Basically, except for rotate and perspective, every module you see in my edit is part of my default module chain. From that chain I actively work on filmic (for global contrast and handling highlight as needed), color balance (for saturation, color temps, and obviously color stuff) and tone eq (adjusting shadows / highlights). All other modules I have set up their default settings once which I hardly ever change.
So, the tone eq is one of my main go-to everday tools. Even though you could do more with it, I only use it to boost dark areas and darken brighter ones (e.g. you could also use it for contrast stuff).
My setting for filter diffusion and edges refinement/feathering just turned out to work well for me over the time. I was aiming for settings that preserve contrast in the processed areas and avoid halos on high contrast edges as good as possible for me. I’m quite satisfied with what I get from these settings with hardly no need to ever change them.
The mask exposure compensation and mask contrast compensation are stuff you will always have to set up based on the actual photo. You want this histogram to fit in the -8 +0 space.
You don’t want something like this:
See the bright peak at the right border.
Now, the rest in the advance tab is just brighten or darken the different areas of lightness of the photo. In this case, the settings are pretty much extreme since there is some extreme lighting situation in this photo. So that I even made a second instance of tone eq which is not that common.

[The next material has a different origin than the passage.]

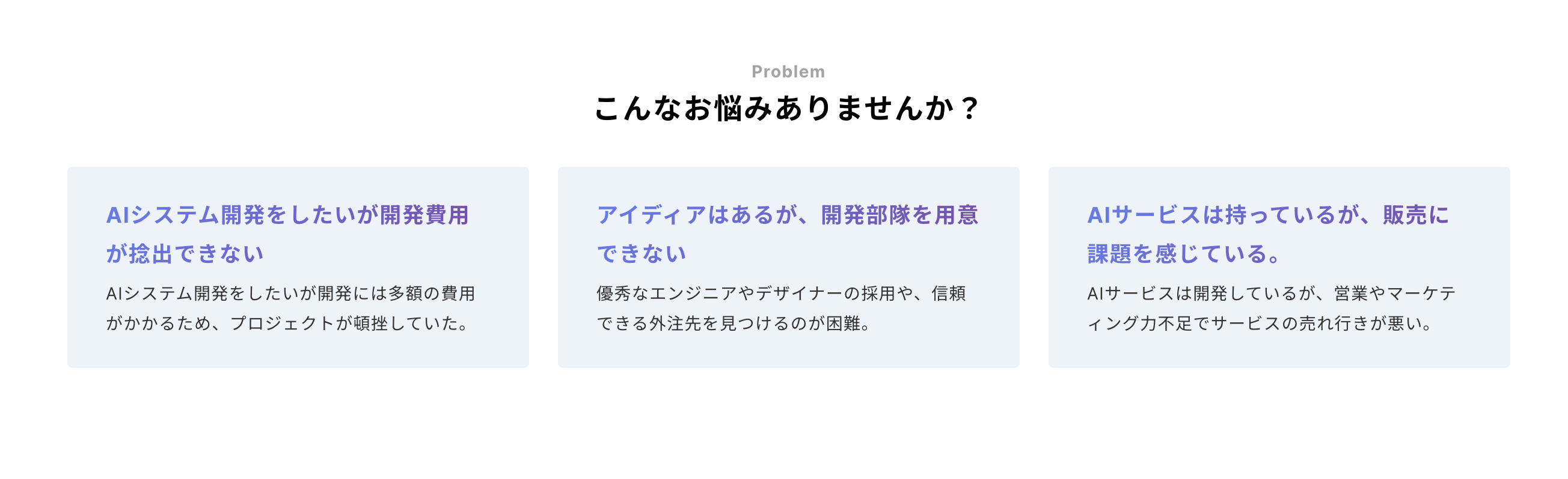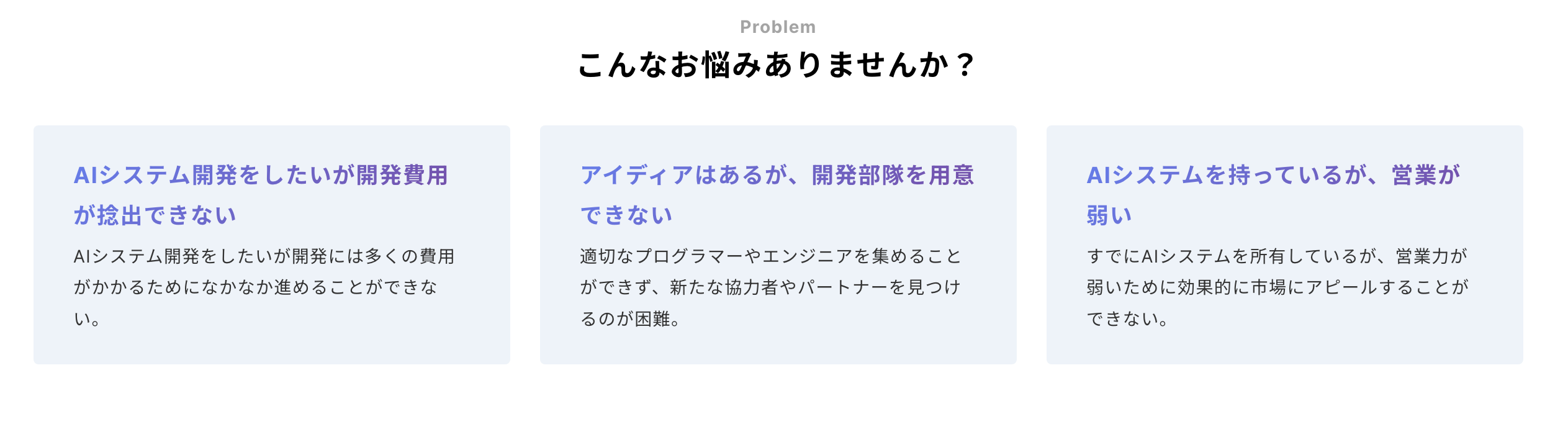 AIシステム開発には興味があるが、技術面や資金面が課題で開発に着手できなかった企業様に対して、安価で質の高い、開発・マーケティング体制を提供することで、欧米諸国に比べてAI後進国と呼ばれる日本のAI化・生産性向上に貢献していきます。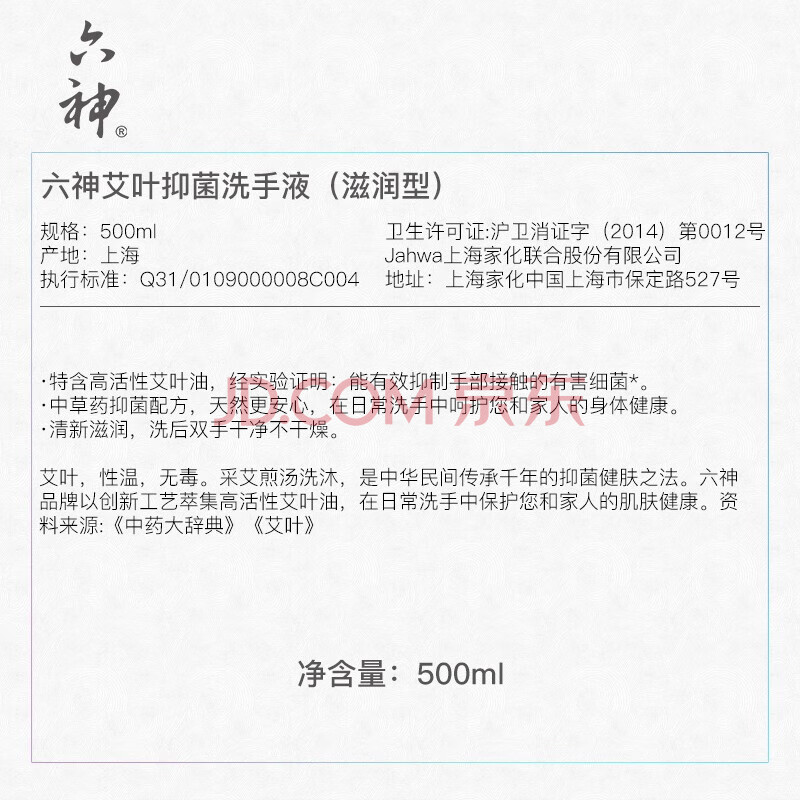 商品相册:六神【艾叶抑菌】洗手液500ml*2(有效抑菌99.9% 清爽 新老款随机发货)第

Yeah, I was wondering about why there were two instances. Thanks for the explanation, I’ll surely be experimenting with it, as the ‘shadows and highlights’ module is not giving the results I want, and is not fine-grained enough either.
I exported the edit, then added some details in Gimp by copying part of the sky, applying a high pass-filter and blending it with the merge grain option, then I just adjusted a bit the brightness in RT again using local edits (there’s still a bit of a halo though, hard to nail it perfectly).
Mine is a bit along the lines of @jonathanBieler and @ggbutcher 's edits… all done in DT… could mess with the yellow in the sky a bit to bump or further desaturate it to taste I guess…
I think I just used the colorfulness and brightness sliders in CC module for a quick tweak. They can be awesome for just pumping up or in this case knocking down a bit channel based color properties without having to go in to full on channel mixer mode…
This is a challenging image that could be processed in multiple ways. The tome equalizer is very important with an image like this. There are some YouTube videos on it if you are not familiar with this essential module.